Saturday, 3 August 2013

Further thoughts on the Hungarian Grand Prix

Lewis reasserts himself
Last Sunday's Hungarian Grand Prix was all about Lewis Hamilton, winning as he did in fine style. And it has, almost unnoticed, contributed to a shift in the bigger picture: namely that Lewis is firmly re-asserting himself in the battle for intra-Mercedes supremacy.

Lewis Hamilton - getting on top
Photo: Octane Photography
Four races ago the talk was very different. Lewis remained ahead of his team mate Nico Rosberg on points - helped by Nico bearing the brunt of unreliability as well as Lewis benefiting from team orders in Malaysia - but the perception was that Nico was making the most waves. He'd claimed three pole positions to Lewis's one, as well as was the first this campaign to seize a race win for the Silver Arrows, in Monaco on a weekend wherein he'd taken Hamilton to the cleaners. And as is the way of many who follow F1, vultures pretty quickly started to circle Lewis.

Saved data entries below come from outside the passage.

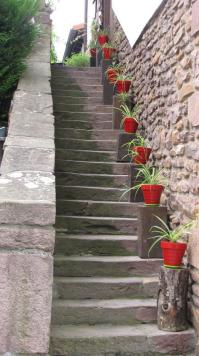 Même avec du vieux on peut faire une déco tendance comme avec ces pots peints en rouge posé sur des morceaux de poutres plantés de chlorophytum qui donne bel allure à cette escalier en pierre.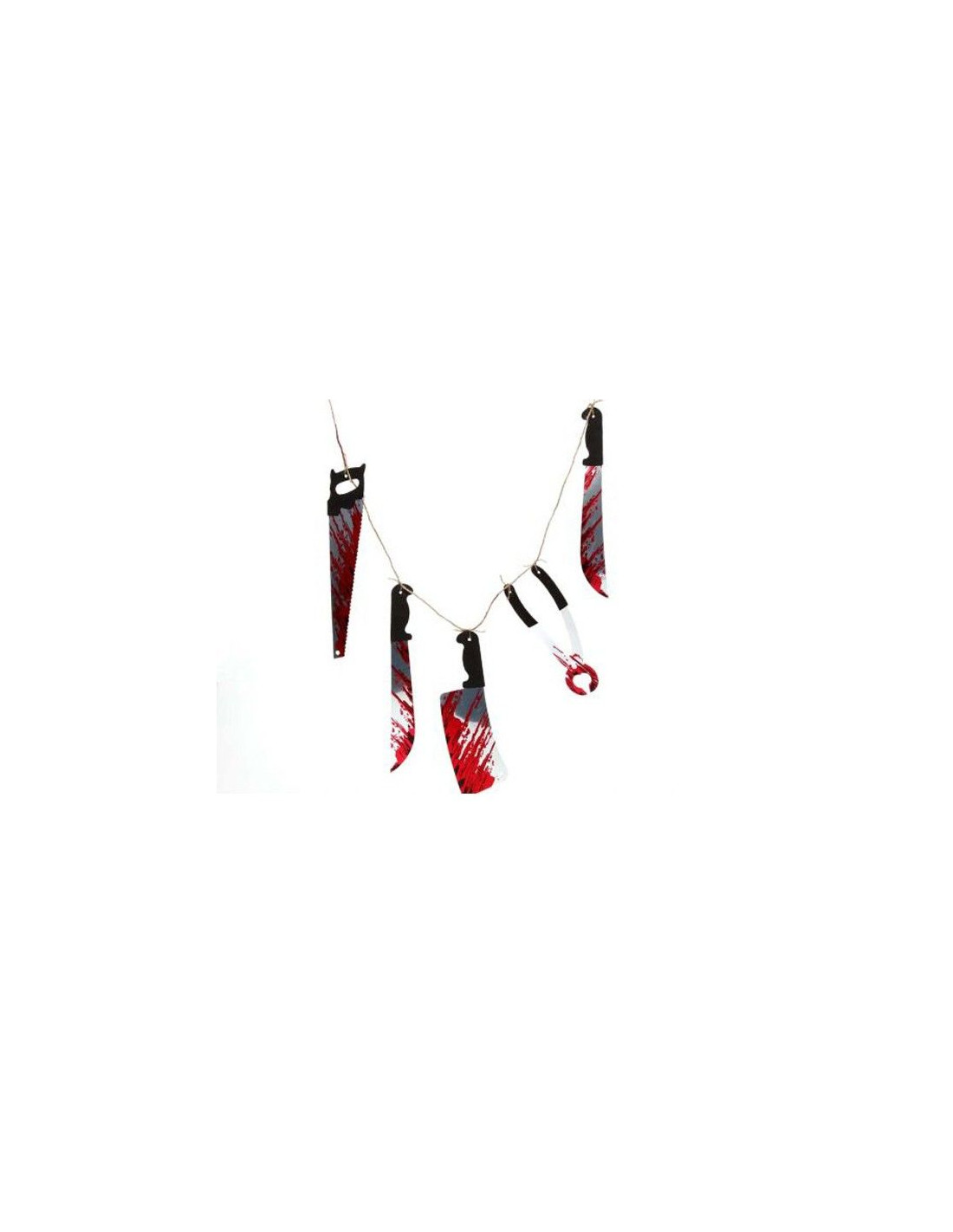 Guirnalda carnicero para halloween compuesta por cuchillos y otros utensilios de tortura. Los cuchillos y demas estan fabricados, la oja en plastico con manchas de sangre y el mango de goma eva. Las medidas de los cuchillos son de 36x10cm aprox. de pendiendo el cuchillo. La guirnalda tiene una longitud total de 180cm de larga.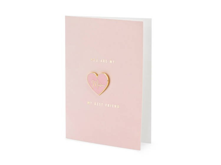 Z pinem w kształcie serca z napisem Mom i różową kopertą ze złotym metalizowanym nadrukiem.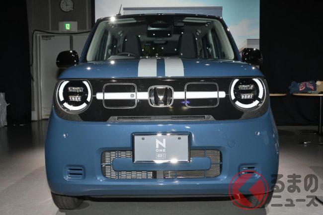ホンダ新型「軽ワゴン」初公開! 「N-BOX顔」&歴代初のパワートレイン採用! 前後に貫く“ピンストライプ”がめちゃ個性的な新型「N-ONE e:」カスタム仕様も登場!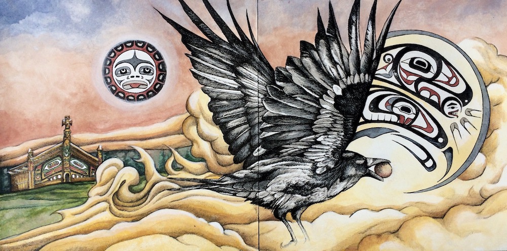 Illustrating the Raven Stories for Sealaska Heritage was a truly special point of my career. The books are part of a large collection of Native tales produced by Sealaska Heritage and sponsored by the Alaska Native Education Program grant from the U.S. Department of Education. These three stories, Raven Brings Us Fire, Origins of Rivers and Streams, and Raven and the Box of Daylight are ancient creation stories based on oral history of the Tlingit people of southeast Alaska and written by Tlingit author Pauline Kookesh Duncan. I received the completed stories, a few guidelines, and some cultural references and was set loose to envision the imagery of these densely woven tales. I was further challenged to learn the art of formline drawing—a traditional technique used by native people of the Pacific Northwest both on totem poles and in their artwork. The result was a weave of my detailed illustrations of characters and settings with formline. I valued deeply what I learned working firsthand with Tlingit people at Sealaska. To me, the books carry a potent essence of southeast Alaska and the people who have called it home for thousands of years, and are enchanting for children and adults alike! The public and educators can purchase the books for the classroom or personal use via the Sealaska Heritage online store.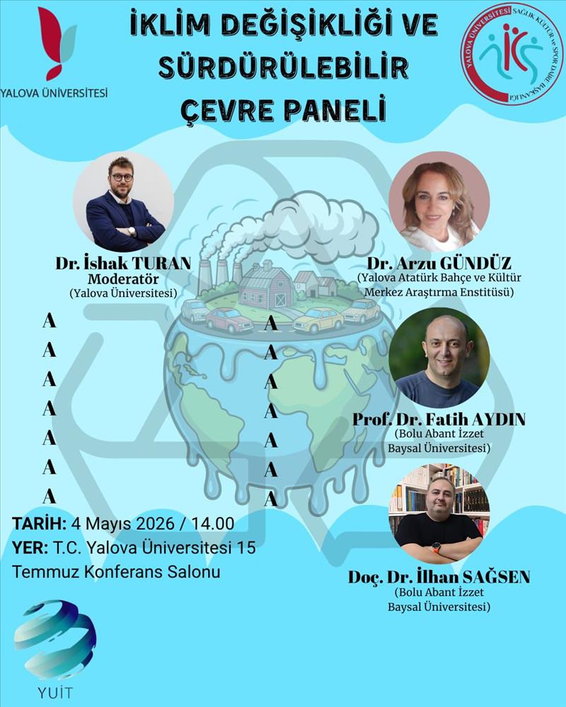 'İklim Değişikliği ve Sürdürülebilir Çevre Paneli' 4 Mayıs 2026 Pazartesi günü saat 14:00'te 15 Temmuz Konferans Salonu’nda gerçekleştirilecektir. Akademisyenlerimiz, öğrencilerimiz ve tüm halkımız davetlidir.

But since then things have changed. Four race weekends have passed and in each of them Lewis has qualified ahead (indeed, he's qualified of everyone in the last three) as well as outraced his stable mate (only a puncture put him behind at Silverstone).

In the research industry there is a saying: 'if it's interesting then it's probably wrong'. In other words, if your outcome looks surprising then it's most likely that you've miscalculated in some way; at the very least it suggests you need to treat your conclusion with much additional scrutiny and caution. And so it applies to those who were questioning Lewis earlier in the year: to suggest that Lewis had overnight become slow, or else had been hoodwinking us into thinking he was quick all this time, simply was not credible.

This after all is a driver who'd established himself as firmly among the best of the best in modern F1 throughout his career at his level. He's probably the quickest out there, certainly the most instinctively talented and unrivalled at overtaking. And, ever since his win in Abu Dhabi in 2011, he's also been roundly underrated in his ability to think through a Grand Prix, required in the age of the limited-resource Pirellis. Indeed, in the Spanish round of last year Lewis did the longest stint on a single set of tyres of anyone that season, and he was still quick. He's also the man who lest we forget shook the haughty Fernando Alonso to the foundations in his debut year in the sport, as well as has spent much of the time since putting clear daylight between himself and his team mates on pace.

Jenson Button - knows about Lewis Hamilton's pace
Photo: Octane Photography
Instead, even in this most complex of sports the explanation for Rosberg's upper hand was fairly simple: it was that Rosberg was better than many of us thought, in combination with that Lewis was taking time to get used to his new machine. This seemed particularly to do with the brakes, and ability in braking has always been one of Lewis's trump cards. It's helped that the tracks visited since Monaco, Canada aside, haven't featured many big braking zones, but there's evidence that he's getting things more to his liking too.

Jenson Button, who'd witnessed Lewis at closer proximity than most of us, warned us as much a few weeks ago that this would happen: 'Of course Nico is fast, but Lewis has not lost his speed. It is still there and he will come back and then he will shock you all...Lewis is incredibly fast.'

And so he's since proved. Perhaps we should be more cautious before writing him off again.